Преемственная связь между воззрениями декабристов (по крайней мере, Северного общества) и идеями Сперанского (его первого блестящего периода) достаточно очевидна. Разумеется, конституция Никиты Муравьева шла дальше давних конституционных проектов государственного секретаря. Между ними лежали самые бурные годы европейской истории и крушение империи Наполеона. Но, с точки зрения Николая Павловича и его приближенных, разница была невелика: декабристы были духовные дети Сперанского. Идейной связи, однако, недостаточно. Следствие упорно ищет соучастия.
Что же, собственно, показывали «некоторые злоумышленники» по вопросу о содействии, якобы оказанном им Сперанским? Надо признать, их показания (поскольку они нам известны) не давали материала для привлечения к ответственности знаменитого государственного деятеля. С некоторой определенностью высказывался Завалишин. По его словам, в самый день 14 декабря утром Корнилович предложил Сперанскому войти в состав Временного правительства. На это Сперанский будто бы ответил:
— С ума вы сошли? Разве делают такие предложения преждевременно? Одержите сначала верх, тогда все будут на вашей стороне.
Однако склад ума Сперанского, нисколько не циничный, делает такой ответ с его стороны маловероятным.

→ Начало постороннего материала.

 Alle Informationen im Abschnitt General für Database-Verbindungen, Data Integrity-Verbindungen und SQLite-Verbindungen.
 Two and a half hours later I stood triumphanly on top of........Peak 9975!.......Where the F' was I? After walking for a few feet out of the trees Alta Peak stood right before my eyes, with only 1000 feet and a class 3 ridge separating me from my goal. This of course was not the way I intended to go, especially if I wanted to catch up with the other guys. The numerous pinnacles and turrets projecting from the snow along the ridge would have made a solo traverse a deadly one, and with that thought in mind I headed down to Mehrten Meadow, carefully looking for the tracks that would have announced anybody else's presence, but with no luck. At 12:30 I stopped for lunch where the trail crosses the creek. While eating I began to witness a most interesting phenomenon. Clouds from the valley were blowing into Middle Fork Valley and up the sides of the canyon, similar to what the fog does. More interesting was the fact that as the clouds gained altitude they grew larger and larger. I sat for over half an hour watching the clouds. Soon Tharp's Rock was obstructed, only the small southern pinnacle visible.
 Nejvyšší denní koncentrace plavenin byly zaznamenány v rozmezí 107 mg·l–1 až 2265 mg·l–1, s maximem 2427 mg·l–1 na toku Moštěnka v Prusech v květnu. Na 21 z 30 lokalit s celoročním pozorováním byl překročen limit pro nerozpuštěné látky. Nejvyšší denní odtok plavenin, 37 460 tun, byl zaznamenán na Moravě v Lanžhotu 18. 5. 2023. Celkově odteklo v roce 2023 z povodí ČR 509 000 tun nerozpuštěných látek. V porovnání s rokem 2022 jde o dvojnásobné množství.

Довольно определенное свидетельство о роли, сыгранной Сперанским, оставил нам и барон Штейнгель. В том, что Сперанский намечался декабристами в состав Временного правительства, вообще сомневаться не приходится. Князь Сергей Трубецкой в письме своем к Бенкендорфу (от 26 декабря 1825 года) говорит следующее: «На бывший мне вопрос, в ком я и несчастные товарищи бедственных подвигов моих надеялись снискать помощь из особ, занимающих высшие в Правительстве места, я ответил истину, что мы не имели никаких поводов ни на кого из таких особ надеяться... Но Вашему Высокопревосходительству я обязан сказать по истине, на кого я хотя и без всяких причин метил в записке, находящейся при делах комитета; я обязан вам сказать, что я метил на Михаила Михайловича Сперанского и Александра Семеновича Мордвинова, единственно потому, что первого почитал не врагом новостей, как он многие вводил, будучи Государственным секретарем, а на второго, потому что он из известнейших особ в Государстве. О первом я старался узнать от правителя его Канцелярии Батенкова и получил только в ответ: «Нет, Батюшка, у нашего старика не выведаешь, что он думает»{136}.

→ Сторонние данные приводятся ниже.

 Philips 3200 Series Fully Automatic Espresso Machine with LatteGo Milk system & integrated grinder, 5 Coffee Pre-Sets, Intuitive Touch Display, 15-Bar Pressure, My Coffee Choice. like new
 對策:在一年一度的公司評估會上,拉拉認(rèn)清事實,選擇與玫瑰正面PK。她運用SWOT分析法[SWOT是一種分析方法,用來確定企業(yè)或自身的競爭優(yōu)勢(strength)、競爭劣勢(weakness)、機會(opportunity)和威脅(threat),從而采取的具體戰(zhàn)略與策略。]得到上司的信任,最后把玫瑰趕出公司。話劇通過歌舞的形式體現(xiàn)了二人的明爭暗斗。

С этим совпадает и показание Рылеева: «На что сей последний (Трубецкой) возразил, что во Временное Правление надобны люди уже известные всей России, и предложил к тому Мордвинова и Сперанского. На что все согласились. Я также был с ним согласен, и с самого того времени по 14 декабря мысль сия в Северном Обществе оставалась неизменною»{137}.
Здесь разногласий у декабристов нет. Но следствие, разумеется, интересуется другим вопросом. Ему необходимо выяснить, знал ли Сперанский о том, что его намечают во Временное правительство. Комиссия спрашивает упорно — показания теряют определенность. Князь Евгений Оболенский говорит положительно: «Никто из них о намерении нашем им (Мордвинову и Сперанскому) не говорил, и они о существовании Общества совершенно не знали»{138}.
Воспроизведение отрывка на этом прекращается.